Never wait for opportunity to arise. Sometimes we need to take the initiative. For many of us we won't be able to meet and consult our clients before we reach our senior years in practice. Our whole time waiting for that opportunity equates to losing our momentum. Be initiative by providing free design advice to our neighbours or friends and we never know other doors of opportunity this will open to.
Another way to own our freedom is to identify and overcome our fear. Sometimes we don't even realise of the fear growing inside us that hinders us from embracing new challenges. One example, we will gain more money when we work, and so will our spending and in worse cases stretching ourselves into more debt (study loan, car, home mortgage, credit card, etc). Having more debts will increase our fear of losing jobs (income) especially during the recession. We keep on staying in the same firm even though we are not satisfied with many issues (because we are scared of confronting and debating the issues). The worst thing is when we even sacrifice our core value and principles. By reducing debts (thus gaining financial freedom) and having sufficient fund to survive without a permanent job will free us from the fear of losing jobs. The only fear worth having is the fear of punishment from God for our sins.
Idea and knowledge are a part of God's property, never hold it to ourselves, and share it whenever possible. To hide away knowledge for the sake of personal security will only lock us from the freedom of learning more.
This letter is equally a reminder to myself. When recession hits UK, I have seen many dreams ruined and shattered. Many people have been put out of work, even those at authoritative post like directors are not safe from this unfortunate fate and many firms collapsed. People put out their values just to keep on earning. It made me realised how fragile and vulnerable our profession is and the urgency of preparing oneself spiritually and financially.
That's all for now, I just hope my two-pence story would be of good value for your time. I hope that I could live longer to see one or more of your batch becoming legendary architects; Architects who bring hopes and create changes to make the world a better home for all.

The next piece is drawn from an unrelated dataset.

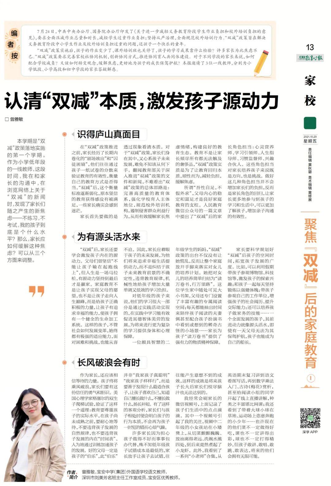 所谓“吾性自足,不假外求”,父母内心的稳定和富足才是良好家庭教育的支柱。人民教育微信公众号的一篇文章中提出了“双减”后的家长角色担当:心灵营养师、学习引领师、人生指导师、习惯监督师、兴趣合伙人。这些角色担当对家长培养孩子来说既是方向,也是挑战。做好这几种角色担当并不会增加家长们的负担,反而是家长角色的回归,让家长更多地参与到孩子的学习和生活中,可以更加了解孩子,增加亲子沟通的有效性。

I would like to share the final note from Sir Richard Branson in his book Screw It, Let's Do It (Virgin Books 2006):
"A journey of a thousand miles starts with that first step. If you look ahead to the end, and all the weary miles between, with all the dangers you might face, you might never take that first step. And whatever it is you want to achieve in life, if you don’t make the effort, you won’t reach your goal. So take that first step. There will be many challenges. You might get knocked back – but in the end, you will make it. Good luck!"
May God accompany you in your journey.